Better social web tools are coming to Google Analytics

Dec 8, 2011 12:21 GMT  ·  By

Google is finally getting serious about social. And, for once in the last six months, it's not about Google+. Google is announcing that it plans to launch much better social integration tools for Google Analytics, enabling websites to know more not only about their visitors, but also about people engaging with their content or services on other sites or social networks.

"We’re inviting social networks and platforms to integrate their activity streams with Google Analytics," Google wrote.

"Through these integrations, marketers and publishers will be able to discover off-site engagement, optimize their engagement within each social community, and measure the impact of each social channel and its associated digital investment," it explained.

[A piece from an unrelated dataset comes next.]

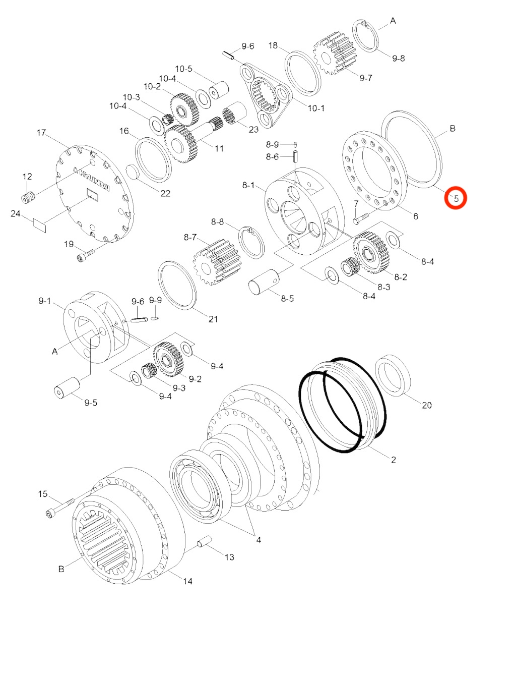 Golilla de ajuste (STD) para mando final de excavadoras Hyundai serie, aplica para modelos: R250LC7, R250LC7A, R250LC9, R250LC9A, R260LC9S, R290LC7, R290LC7A, R290LC7H, R290LC9, R290LC9MH, R300LC7, R300LC9A, R300LC9S, R300LC9SH, R305LC7, R320LC7, R320LC7A, R320LC9, R330LC9A, R330LC9S

The reason why Google has to make this announcement is that it needs social platforms to cooperate for Analytics to provide the best possible data.

Google has been working on a new set of social analytics tools, but it needs support from sites that are built around sharing, bookmarking and social behavior, in general.

It's unlikely that Facebook will get on board, but Google has already gotten several big sites behind its initiative, Reddit, Digg, Delicious, TypePad, Russian giant social network Vkontakte and others.

"Any network can integrate their streams - like +1, votes, and comments - into the Google Analytics social reports, which will be fully available next year to the many marketers, publishers, and websites that are using Google Analytics for free," explains Google.

It's obvious why websites would want the additional data. Website analytics alone are becoming less relevant when a lot activity happens off site. But Google is going to have a harder time convincing social networks to share data.

Google started introducing some social tracking features earlier this year, adding support for tracking sharing activity on the site, via the +1 button, the Like button and so on, but also visitors coming from social sites.